◆ DATASET SECTION ◆
==*==

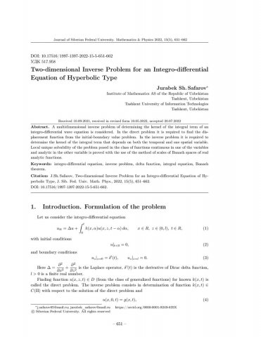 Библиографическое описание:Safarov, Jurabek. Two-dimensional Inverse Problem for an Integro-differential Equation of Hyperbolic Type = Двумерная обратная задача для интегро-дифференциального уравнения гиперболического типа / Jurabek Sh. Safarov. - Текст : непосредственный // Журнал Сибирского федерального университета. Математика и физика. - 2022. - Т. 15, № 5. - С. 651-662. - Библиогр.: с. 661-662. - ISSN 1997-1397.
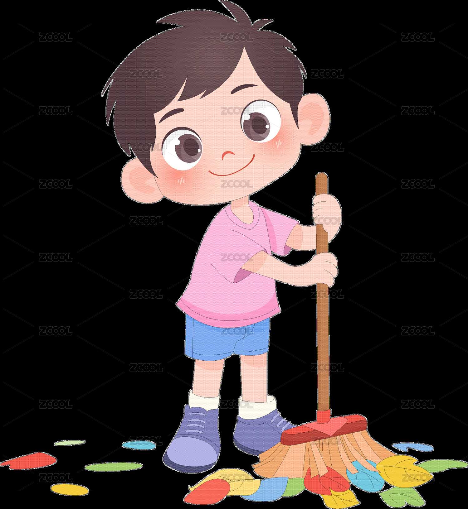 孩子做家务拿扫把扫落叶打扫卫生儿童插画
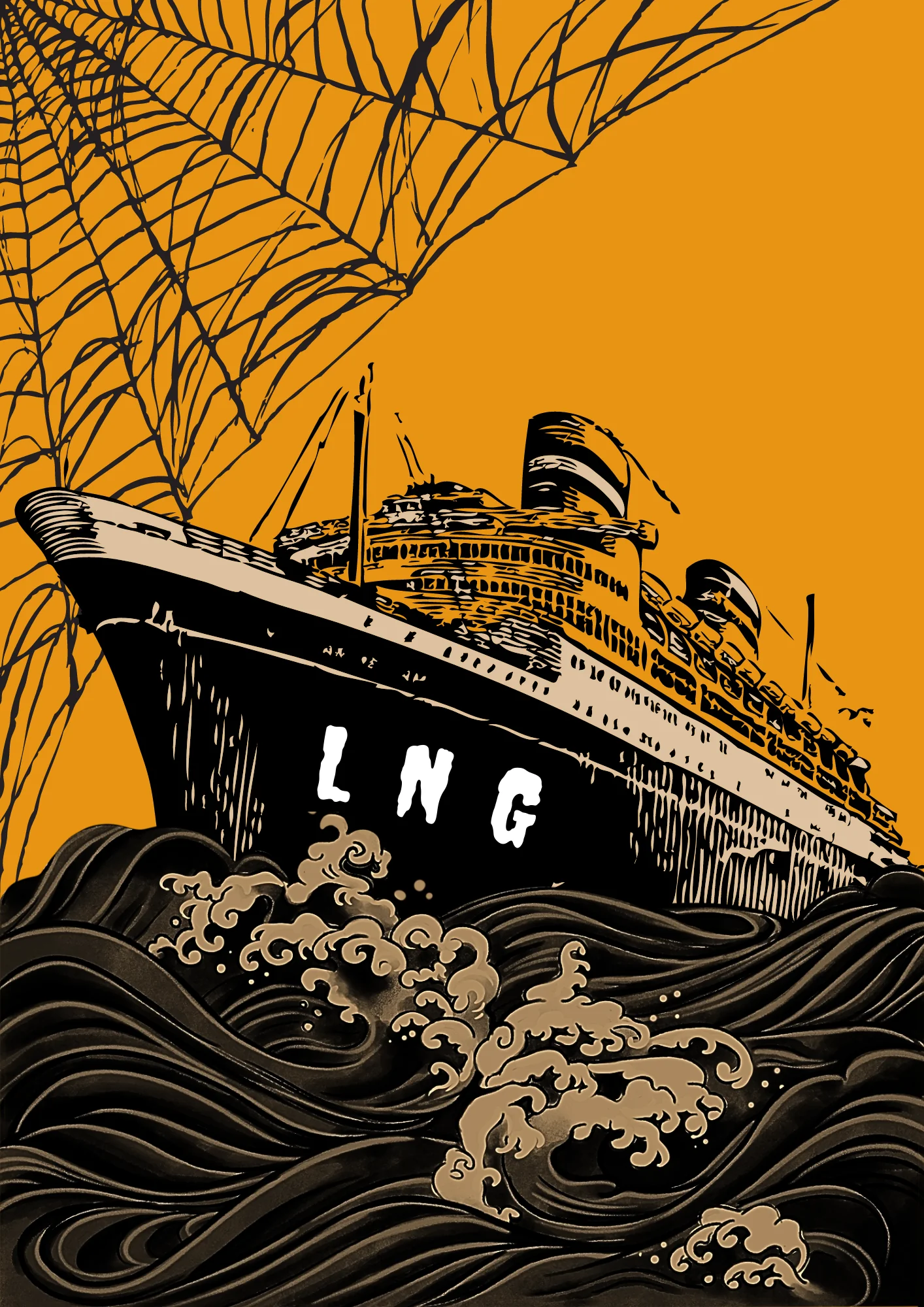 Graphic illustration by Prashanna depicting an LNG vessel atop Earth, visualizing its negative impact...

==*==

◆ TASK REQUIREMENTS ◆
Repeat the data above exactly, but not the pictures.

◆ RESULT FOR THIS EXERCISE ◆
 Библиографическое описание:Safarov, Jurabek. Two-dimensional Inverse Problem for an Integro-differential Equation of Hyperbolic Type = Двумерная обратная задача для интегро-дифференциального уравнения гиперболического типа / Jurabek Sh. Safarov. - Текст : непосредственный // Журнал Сибирского федерального университета. Математика и физика. - 2022. - Т. 15, № 5. - С. 651-662. - Библиогр.: с. 661-662. - ISSN 1997-1397.
 孩子做家务拿扫把扫落叶打扫卫生儿童插画
 Graphic illustration by Prashanna depicting an LNG vessel atop Earth, visualizing its negative impact...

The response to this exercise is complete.